Mark Liao received his Ph.D degree in electrical engineering from Northwestern University in 1990. In July 1991, he joined the Institute of Information Science, Academia Sinica, Taiwan and currently, is a Distinguished Research Fellow and Director. He has worked in the fields of multimedia signal processing, computer vision, pattern recognition, multimedia protection, and artificial intelligence for more than 30 years. He is jointly appointed as an Honorary Chair Professor of National Chiao-Tung University. During 2009-2012, he was jointly appointed as the Multimedia Information Chair Professor of National Chung Hsing University. Since August 2010, he has been appointed as an Adjunct Chair Professor of Chung Yuan Christian University. From August 2014 to July 2016, he was appointed as an Honorary Chair Professor of National Sun Yat-sen University. He received the Young Investigators' Award from Academia Sinica in 1998; the Distinguished Research Award from the National Science Council in 2003, 2010 and 2013; the Academia Sinica Investigator Award in 2010; and the TECO Award from the TECO Foundation in 2016. His professional activities include: Co-Chair, 2004 International Conference on Multimedia and Exposition (ICME); Technical Co-chair, 2007 ICME; President, Image Processing and Pattern Recognition Society of Taiwan (2006-08); Editorial Board Member, ACM Computing Surveys (2018 – present), IEEE Signal Processing Magazine (2010-13); Associate Editor, IEEE Transactions on Image Processing (2009-13), IEEE Transactions on Information Forensics and Security (2009-12) and IEEE Transactions on Multimedia (1998-2001). He has been a Fellow of the IEEE since 2013.

Keynote V: Rama Chellappa

Distinguished University Professor and Minta Martin Professor of Engineering
Department of Electrical and Computer Engineering
University of Maryland, College Park, USA

September 20 Friday 8:40-9:40am

Rama Chellappa

Re-Identification of Humans and Vehicles from Stationary and Moving Sensors


In this talk, I will discuss methods based on handcrafted and data-driven representations for re-identification of humans and vehicles from images and videos collected by stationary and moving sensors. The handcrafted representations are derived using spherical harmonics, structure from motion and dictionaries. The data-driven representations are derived using deep networks that incorporate spatial and temporal attention models. I will conclude the talk by presenting results on several publicly available datasets.

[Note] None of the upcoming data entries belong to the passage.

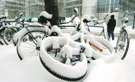 أجواء بالغة الصعوبة يشهدها الجزء الشمالي من الكرة الأرضية بتساقط كثيف للثلوج وانخفاض أشد لدرجات الحرارة، كما يبدو في إحدى ساحات محطة الأنفاق بميونيخ الألمانية حيث غطى الثلج دراجات هوائية ملقاة على الطريق.
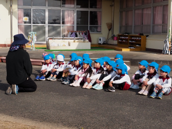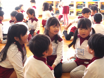園歌を3番まで歌ったり、3学期の楽しい行事や遊びについての話を聞いたりしました。
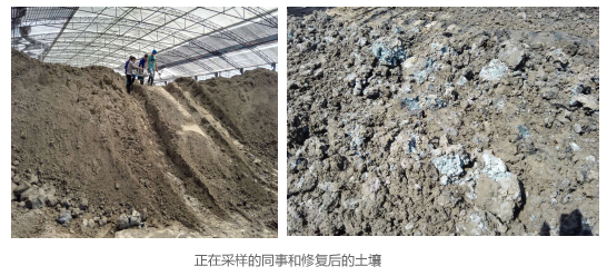 從室外到大棚,我們來(lái)到了土壤修復(fù)后的暫存區(qū),烈日炎炎下的大棚溫度超過(guò)了40℃,大家站著身上都在淌著汗水,這時(shí)見(jiàn)到了正在采樣的同事,為了保障工程能夠保質(zhì)、保量完成,他們不畏酷暑、不怕嚴(yán)寒、不怕臟、不怕累,數(shù)月吃住在工地,為了最干凈的環(huán)境,他們投入到了最臟的工作中去。
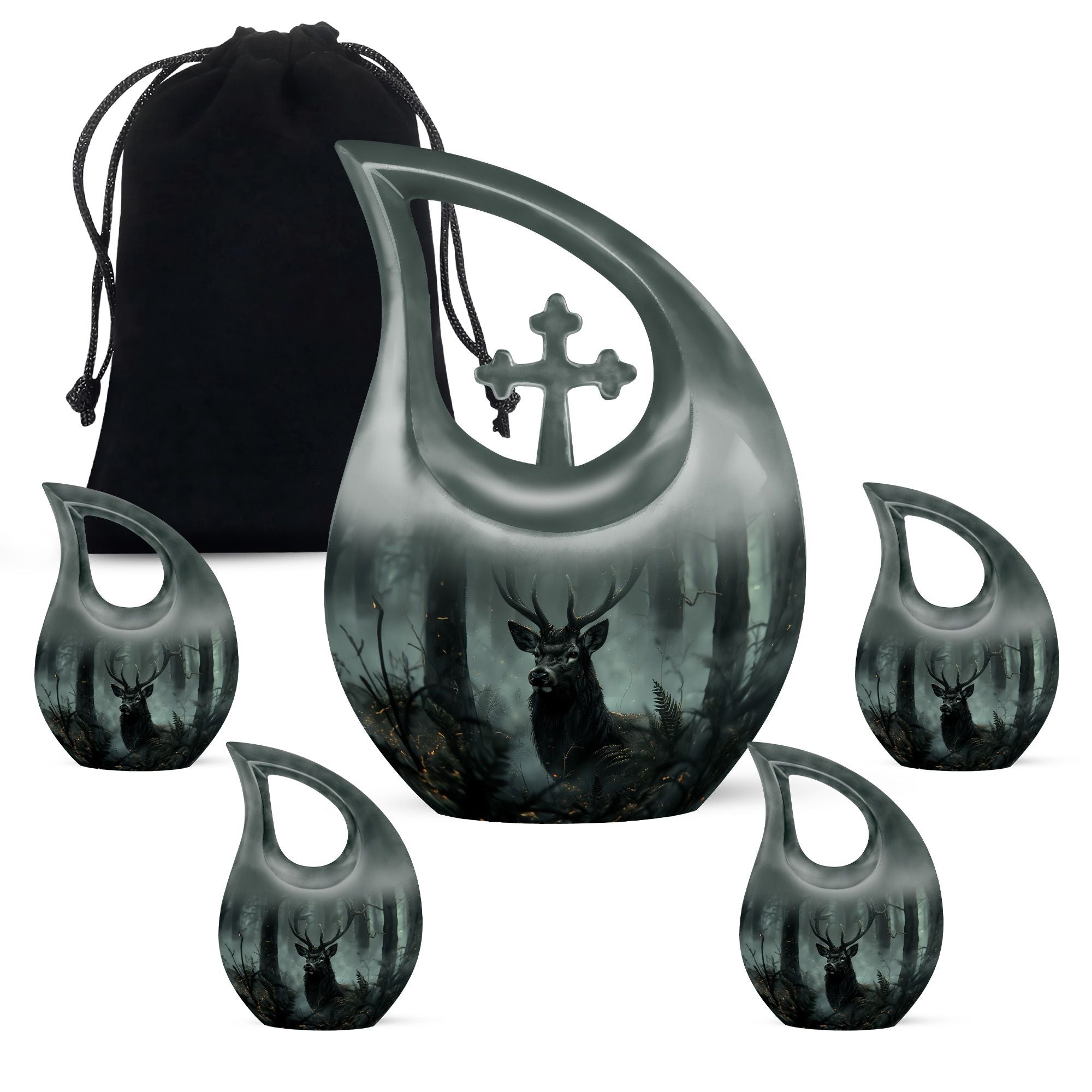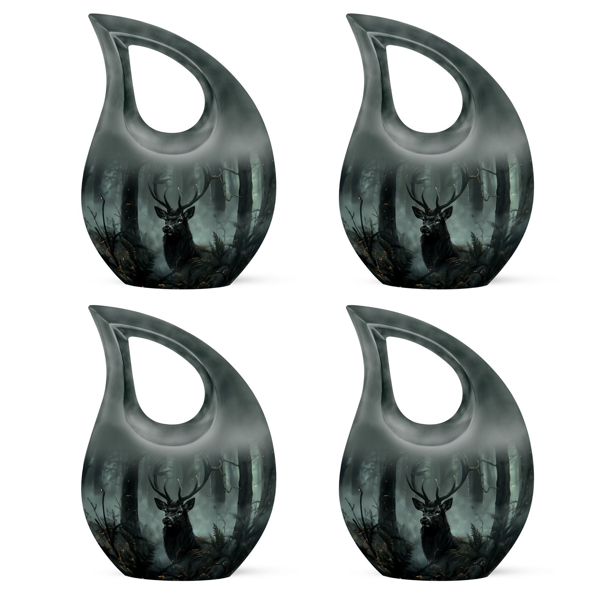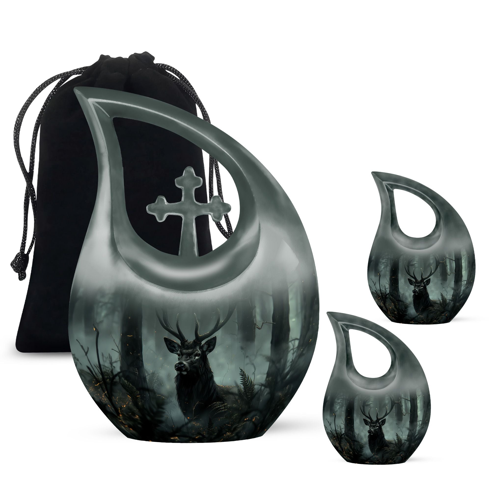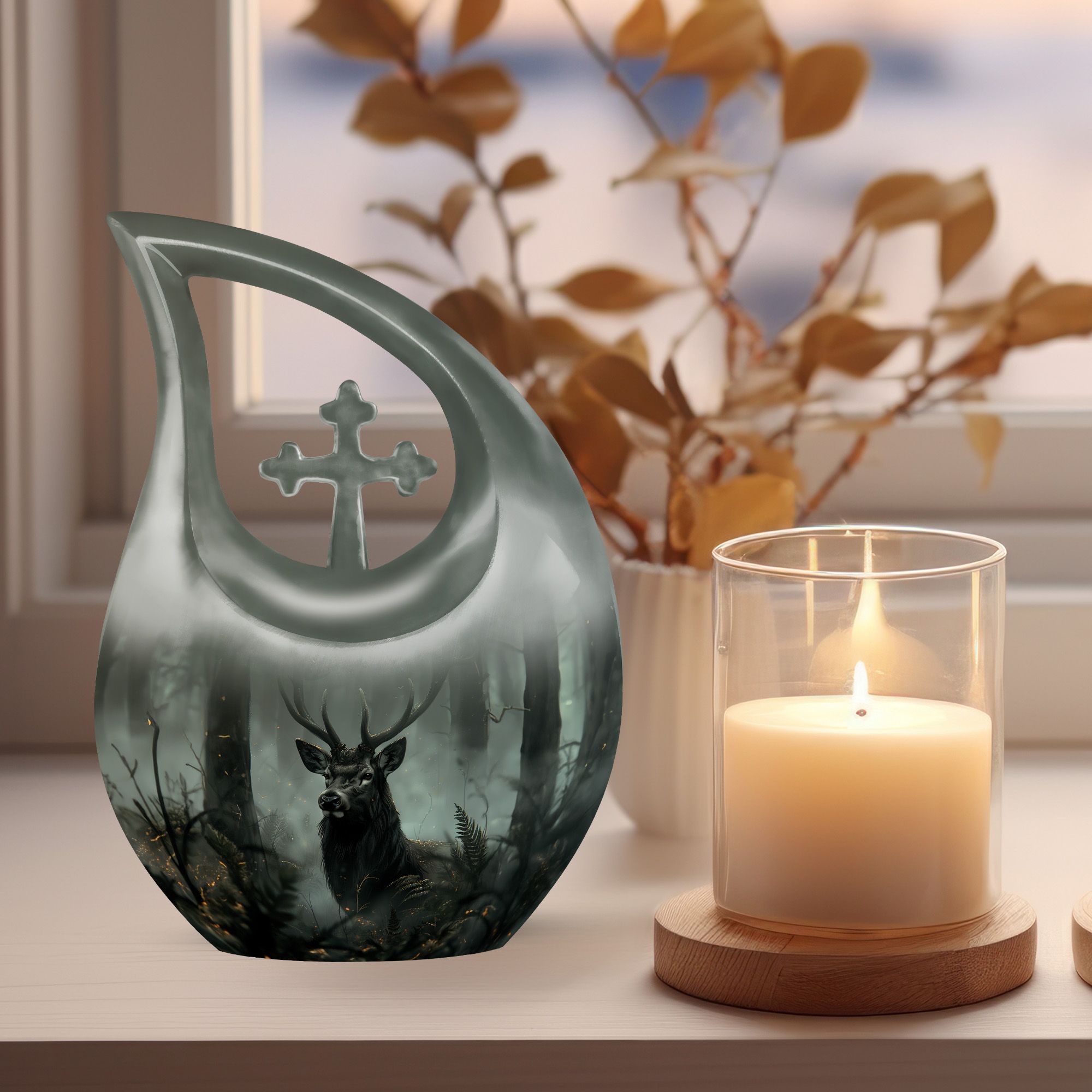 Cherish and keep alive the memory of your loved ones with our Deer Urn, a dignified and respectful solution for cremation containers necessity. This large-scale urn expresses a theme of Deer, skillfully crafted from robust Aluminium, bearing a tasteful Cross Drop design. The dimensions stand at 10 inches in height, boasting an impressive weight of 3.3 pounds and a capacity of holding up to 200 cubic inches. For your convenience, each urn comes accompanied by a delicate velvet pouch, adept for the containment of ashes. Our offering extends beyond quality; we also provide the option to personalize your Deer Urn through the engraving of names, allowing you to create a unique tribute for your dearly departed. Among our selection, you will undeniably find our Deer Urn to rival as one of the best urns for ashes. The line between memorial urns and art blurs with the significant craftsmanship involved in creating this beautiful cremation box. Experience this brilliant merger of function, sentimentality, and design in our personalized urns for ashes today.
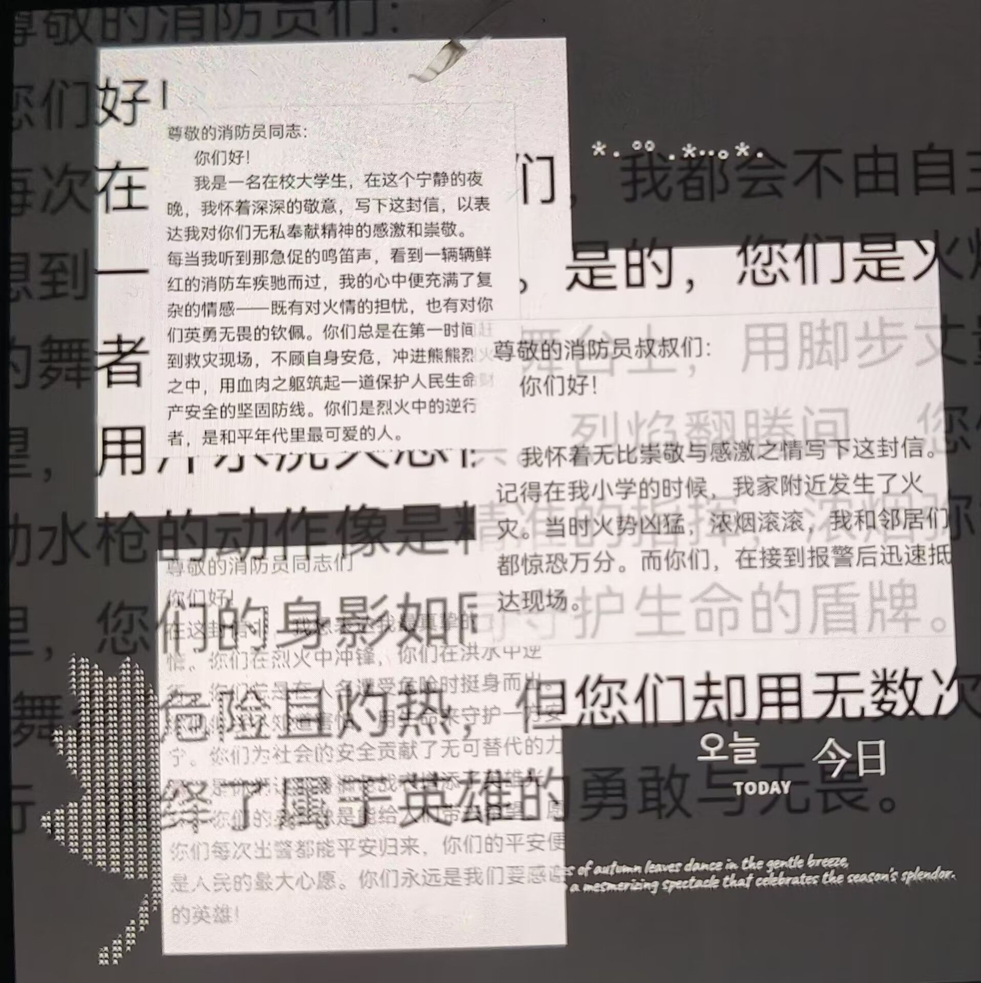 为拉近消防员与大学生的距离,表达大学生对消防员的感激与敬佩,也为表示“消防就在身边”,提高学生们的警觉,我班面向全校收集了学生们写给消防员的慰问信,向默默付出的消防员们表达热情的问候与感谢。
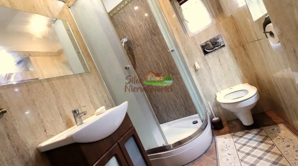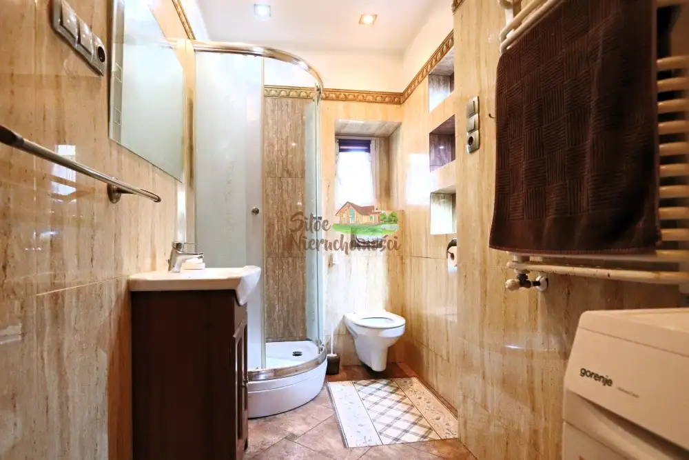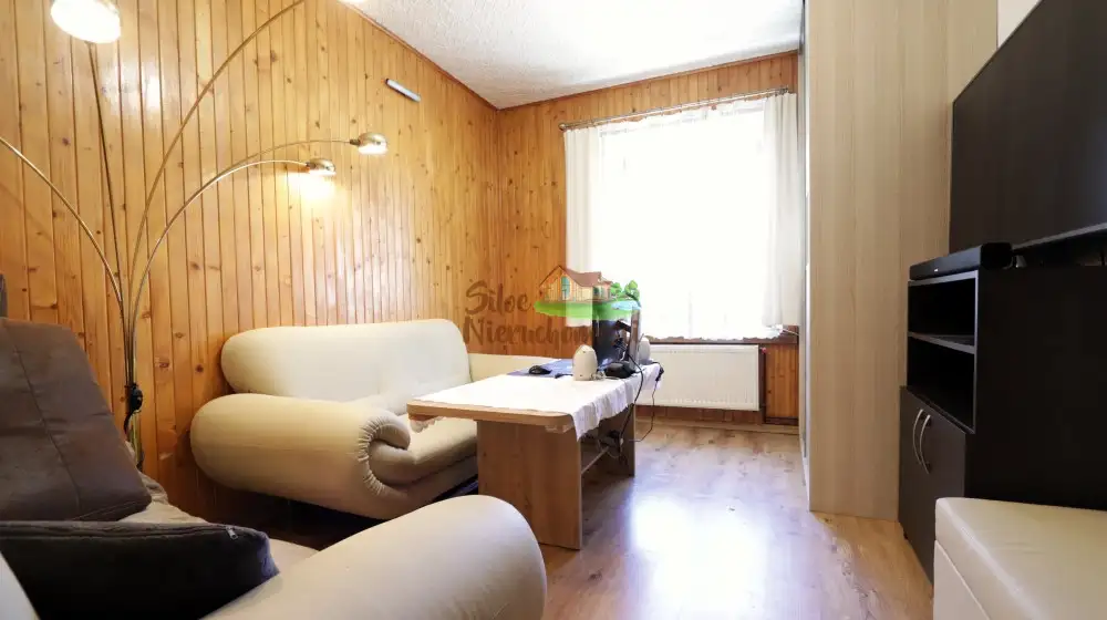 Podczas remontu, kilka lat temu, na ścianach położono gładzie, a w kuchni zastosowano ozdobne kamienie. Łazienka została zmodernizowana - z prysznicem i nowoczesną armaturą, w tym baterię z termostatem. Oba pokoje ozdobiono boazerią, co dodaje przytulnego charakteru dla ludzi preferujących drewniane akcenty. W pokojach i przedpokoju zamontowano funkcjonalne panele, a w łazience terakotę. Okna PCV zapewniają dobrą izolację akustyczną i termiczną. Bezpieczeństwo mieszkańcom gwarantuje domofon.
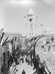 Am Reformationstag (31. Oktober) 1898 wurde die Erlöserkirche durch Kaiser Wilhelm II. (1859 - 1941) und Kaiserin Auguste Victoria im Rahmen seiner Palästinareise eingeweiht und der Schlüssel an Friedrich Wilhelm Barkhausen, Präsident des Evangelischen Oberkirchenrats des Königreichs Preußen, übergeben. Wilhelm II. war der erste westliche Herrscher der Neuzeit, der Jerusalem betrat. Damit er das hoch zu Ross tun konnte, wurde die historische Stadtmauer neben dem Jaffator durchbrochen. Der Predigt zum Einweihungsgottesdienst lag das Bibelwort zu Grunde, das zugleich den Namen der Kirche erklärt:
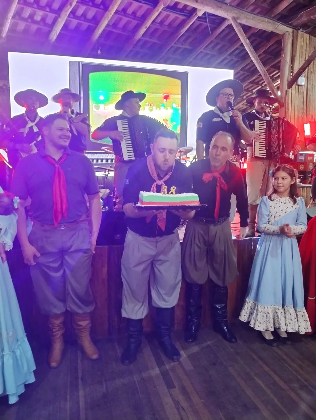 O evento contou com apresentação das invernadas e almoço festivo. No cardápio, churrasco, diversos acompanhamentos e salada. Foram cinco horas de festa e o cartão do almoço era R$ 60, mas a entrada para o baile, na parte da tarde, estava liberada a partir das 14 horas. Na hora do parabéns para a entidade, o patrão Cleber Geraldo Parma foi quem representou e teve a honra de apagar as velas do bolo.

Prof. Rama Chellappa is a Distinguished University Professor and a Minta Martin Professor of Engineering in the Department of Electrical and Computer Engineering at the University of Maryland. He is a recipient of the K.S. Fu Prize from the International Association of Pattern Recognition (IAPR), the Society, Technical Achievement and Meritorious Service Awards from the IEEE Signal Processing Society and the Technical Achievement and Meritorious Service Awards from the IEEE Computer Society. He also received the Inaugural Leadership Award from the IEEE Biometrics Council. At UMD, he has received college and university level recognitions for research, teaching, innovation and mentoring of undergraduate students. He received the Outstanding ECE Award and a Distinguished Alumni Award from Purdue University and the Indian Institute of Science, respectively. He is a Fellow of IEEE, IAPR, OSA, AAAS, ACM, and AAAI and holds six patents. His current researcher interests are computer vision, pattern recognition and machine intelligence.